21.04.2018, 10:06 Uhr

Horrorbilder Abgemagert, abgefaulte Ohren, Tumore und Parasiten: „Das ist Tierquälerei!“


Tierheim Passau appelliert an die Verantwortung der Haustierbesitzer

PASSAU Bettina Mittler vom Tierheim Passau-Ingling sieht das Tierleid nur zu oft. Erst kürzlich holte sie nach einem Hinweis einen Kater und einen Hund aus der Mietwohnung eines Ehepaars aus dem nördlichen Landkreis. Beide Tiere waren in einem katastrophalen Zustand – jahrelang vernachlässigt und extrem verwahrlost. „Die Fälle nehmen zu“, so die Tierschützerin.

Der vom Tierheim aufgenommene Kater Charly hat einen starken Ohrenmilbenbefall und hört fast gar nichts deswegen, schildert die Tierheimleiterin. Er sei abgemagert und ausgehungert aufgefunden worden. Außerdem hat er faulige Zähne. Sein Fell war zudem extrem verfilzt und er hatte Flöhe. Beim Tierarzt wurden sogar eine tumorartige Wucherung am Hals und eine vereiterte Kralle entdeckt. Das Alter des Tieres schätzt sie auf zirka 15 bis 20 Jahre.

Der Hund Benny, ein 13-jähriger Spitz-Mix, kam ebenfalls in einem schlechten Zustand ins Tierheim Passau. Seine Ohren waren sehr entzündet und sogar vereitert. „Er schüttelt ständig seinen Kopf vor lauter Schmerzen“, ist Mittler fassungslos. Und: „Er hat schwarz verfaulte Zähne.“ Aktuell werden Charly und Benny tierärztlich versorgt. Bettina Mittler hofft, dass sie schnell auf die Beine kommen.

„Am Tag vor unserer Ankunft ließ man eine weitere in diesem Haushalt lebende Katze einschläfern, angeblich hatte sie Anzeichen von FIP (Anm. d. Red.: Feline Infektiöse Peritonitis, Bauchfellentzündung)“, schildert Bettina Mittler. Die Besitzer von Kater Charly und Hund Benny waren laut der Tierschützerin ganztags daheim. Daher könne sie nicht verstehen, wie man tatenlos zuschauen konnte: „Das ist Tierquälerei!“

Doch diese verwahrlosten Tiere sind leider kein Einzelfall. Zuvor wurde ein kastrierter Fundkater ins Tierheim Passau gebracht, der in einer so schlechten Verfassung war, dass er nur noch eingeschläfert werden konnte. „Wir konnten leider nur noch eins für ihn tun. Ihn friedlich einschlafen lassen und somit von seinen unsagbaren Qualen erlösen“, schrieb das Tierheim Passau auf seiner Facebook-Seite dazu. Die Ohren des Tieres waren abgefault. An den Pfoten hatte der Kater zudem große, offene Wunden. Das arme Tier roch bereits nach Verwesung. Ein schrecklicher Anblick für die Tierschützerin. „Der Kater war kastriert. Da kann man davon ausgehen, dass er mal jemandem gehört hat. Das war keine verwilderte Katze“, so Mittler.

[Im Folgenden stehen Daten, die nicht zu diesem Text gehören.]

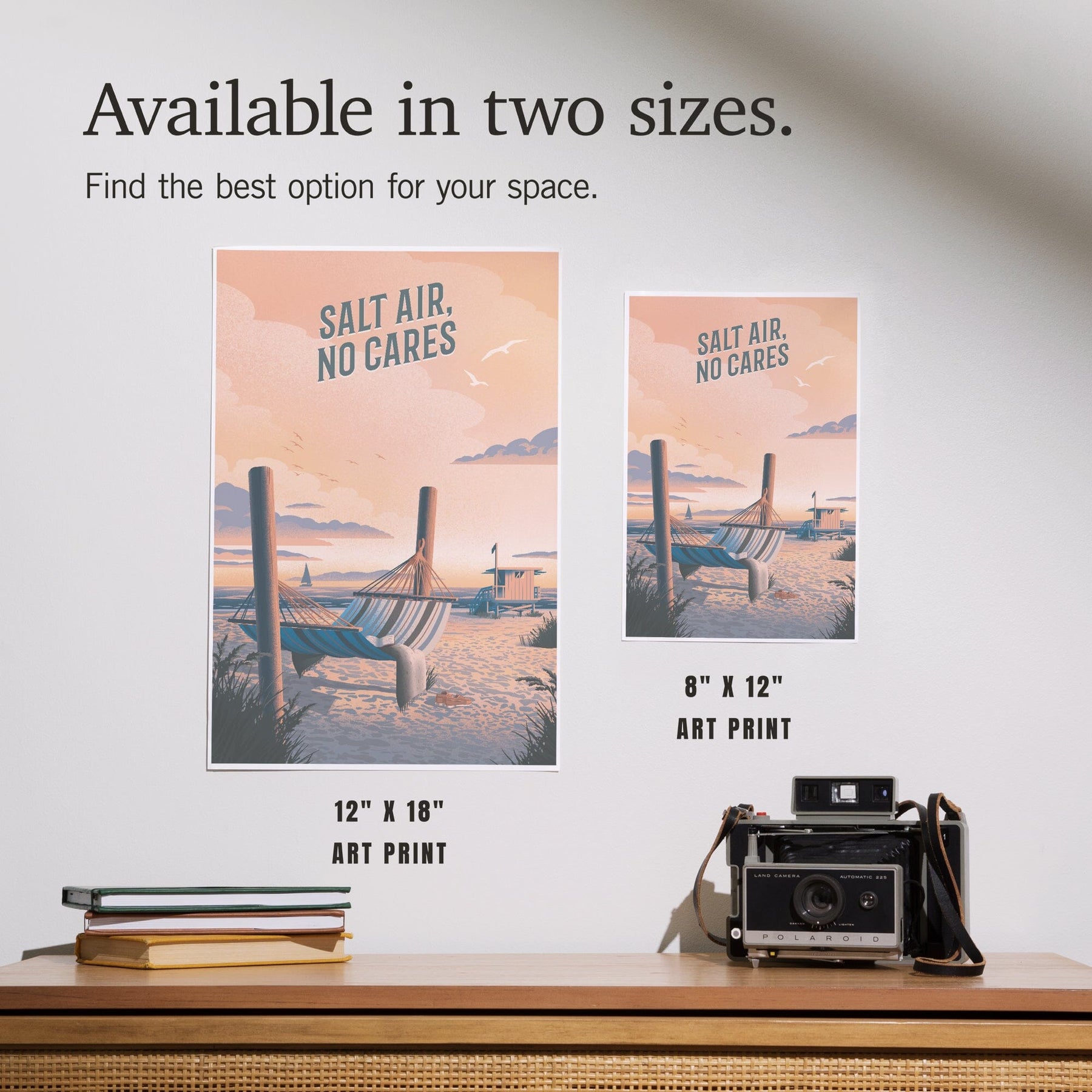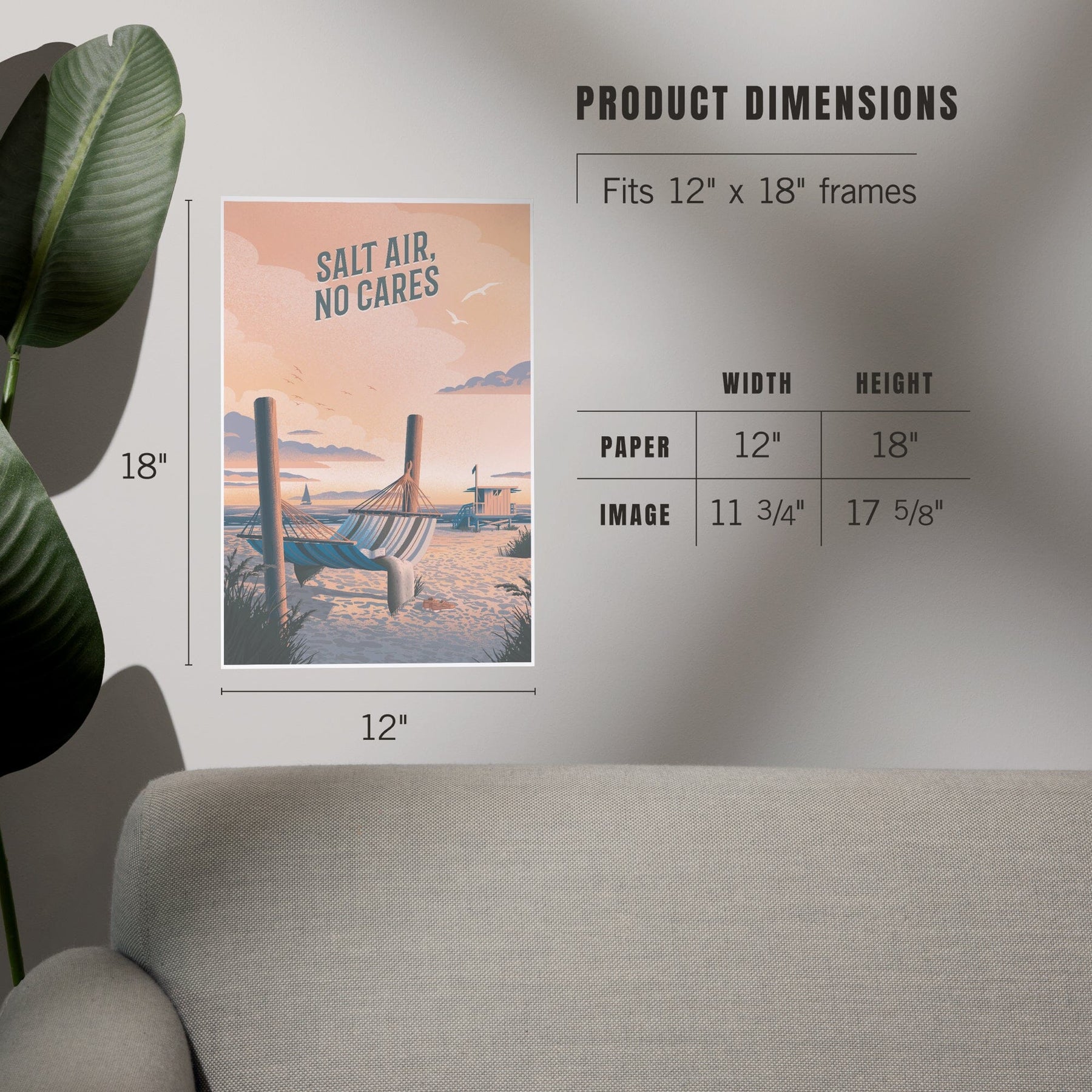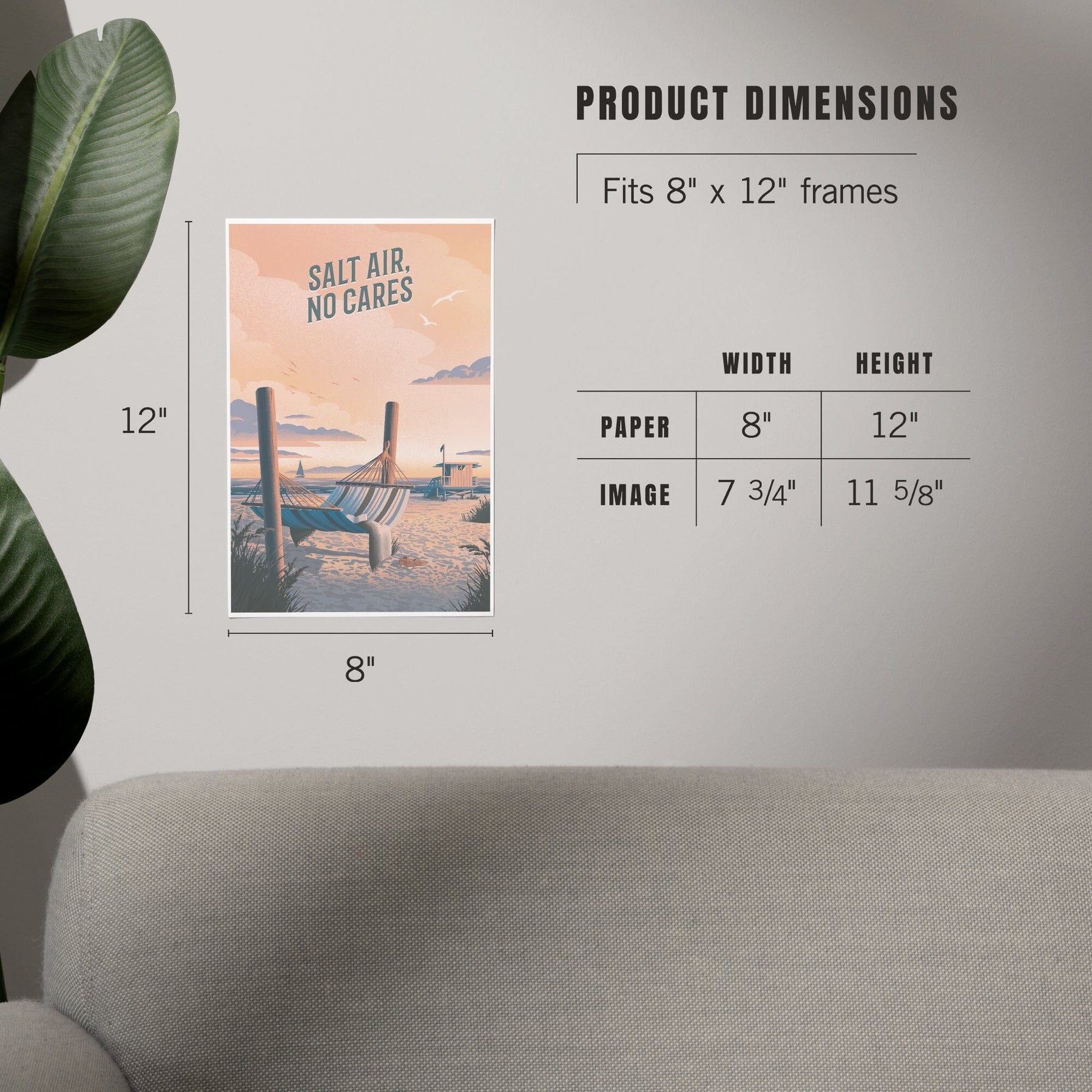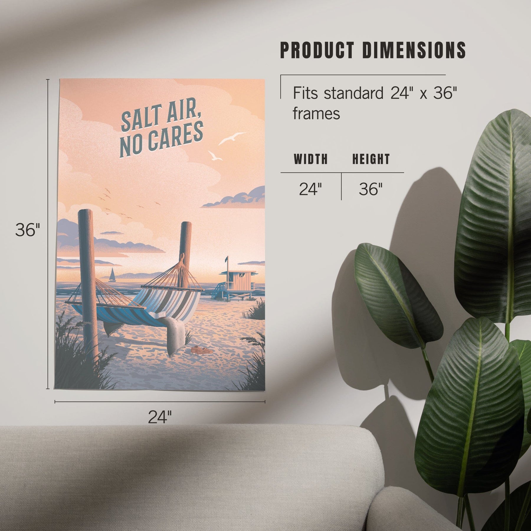 Lithograph, Salt Air, No Cares, Hammock on Beach, Art & Giclee Prints Art Lantern Press
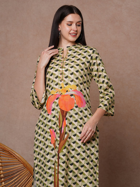 Ethnic Printed & Embroidered Straight Fit Kurta...

Vor Kurzem wurde der Tierheimleiterin zudem ein vernachlässigter Hund gemeldet. Er habe nur draußen in einem Zwinger gelebt – egal, bei welchem Wetter. „Er war total brav“, erzählt die Tierschützerin. Daher konnte sie auch nicht nachvollziehen, wieso die Familie ihn hinter Gittern gesperrt hatte.

Bettina Mittler liegt eines sehr am Herzen: „Dass die Leute endlich Verantwortung für ihre Tiere übernehmen.“ Diese Verantwortung müsse jedem vor der Anschaffung eines Haustiers bewusst sein. Ein Haustier kostet nicht nur Geld, sondern braucht viel Liebe, Zeit und Pflege – vor allem im Krankheitsfall.

Daher auch dieser Appell auf der Facebook-Seite des Tierheims Passau: „Bitte Leute, schafft euch keine Tiere an, oder holt euch wenigstens Hilfe, wenn ihr euch keinen Tierarzt leisten könnt! Es kann und darf nicht sein, dass man seine angeblich geliebten ,Familienmitglieder‘ jahrelang so dermaßen verwahrlosen und leiden lässt.“ Oftmals sei die Abgabe am besten für das Tier, rät Mittler. So könne das ein oder andere Tierleid vermieden werden.